Synthesis, molecular docking, and antioxidant activity of new fluorescent tetrafluoroterphenyl analogues

Nucleophilic aromatic substitution (SNAr) chemistry has been applied to develop many functionalized pentafluorobenzene derivatives. Those compounds are highly specific at the para position of the fluorinated ring. Therefore, they are typical adducts for the preparation of antioxidant molecular systems. In this context, we report the use of SNAr chemistry as a suitable and simple approach for the synthesis of fluorescent antioxidant perfluorinated materials bearing ether bonds in various para‐substituted alkoxy chains and with high purity and excellent yields. The fluoroterphenyl core was prepared via alkylation, Cu(I)‐assisted decarboxylation, and cross‐coupling using the potassium salt of fluorobenzoate, followed by the reaction with different alcohols.
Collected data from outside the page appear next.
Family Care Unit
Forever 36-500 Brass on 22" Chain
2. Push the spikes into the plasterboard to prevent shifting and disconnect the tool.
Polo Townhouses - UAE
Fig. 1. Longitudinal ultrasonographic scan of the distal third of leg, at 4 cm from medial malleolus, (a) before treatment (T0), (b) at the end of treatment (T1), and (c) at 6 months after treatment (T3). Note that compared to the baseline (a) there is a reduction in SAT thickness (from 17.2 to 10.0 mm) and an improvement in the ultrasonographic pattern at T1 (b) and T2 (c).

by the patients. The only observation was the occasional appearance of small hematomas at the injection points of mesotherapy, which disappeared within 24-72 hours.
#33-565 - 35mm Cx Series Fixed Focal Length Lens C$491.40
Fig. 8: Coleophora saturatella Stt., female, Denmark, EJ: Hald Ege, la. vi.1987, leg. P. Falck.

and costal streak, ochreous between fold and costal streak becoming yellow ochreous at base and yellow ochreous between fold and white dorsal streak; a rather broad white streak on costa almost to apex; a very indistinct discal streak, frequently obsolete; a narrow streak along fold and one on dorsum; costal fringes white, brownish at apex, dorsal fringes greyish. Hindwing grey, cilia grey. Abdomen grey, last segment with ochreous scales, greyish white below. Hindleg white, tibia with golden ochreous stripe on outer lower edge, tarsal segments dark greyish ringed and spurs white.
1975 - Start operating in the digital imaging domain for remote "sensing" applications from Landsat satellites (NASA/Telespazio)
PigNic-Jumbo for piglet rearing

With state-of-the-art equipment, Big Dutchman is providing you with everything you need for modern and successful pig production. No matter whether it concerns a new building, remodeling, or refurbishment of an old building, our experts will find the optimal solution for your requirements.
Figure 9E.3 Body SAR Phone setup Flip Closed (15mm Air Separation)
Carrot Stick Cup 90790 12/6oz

The structures of the synthesized fluoroterphenyl adducts were investigated using FT‐IR, 1H NMR, 13C NMR, and 19F NMR spectroscopy. The emission spectra and absorption spectra showed solvatochromism. The newly prepared tetrafluoroterphenyl analogues were investigated by antioxidant examination using the 2,2‐diphenyl‐1‐picrylhydrazyl assay. Results were compared with ascorbic acid and butylated hydroxytoluene as references, and revealed that the tetrafluoroterphenyl analogues containing a decyl chain had the highest activity, with an IC50 value of 22.36 ± 0.19 g/ml. The produced tetrafluoroterphenyl analogues were used in molecular docking strategies with a Protein Data Bank protein ID 5IKQ. The antioxidant investigations and docking results were convergent. The fluorinated decyl hydrocarbon sequence on the tetrafluoro‐terphenyl hybrid demonstrated prominent antioxidant results (IC50 = 22.36 ± 0.19 μg/ml). The high binding score for the decyl hybrid S = −10.6436 kcal/mol with the root mean square deviation of 1.1514 using molecular docking stimulation.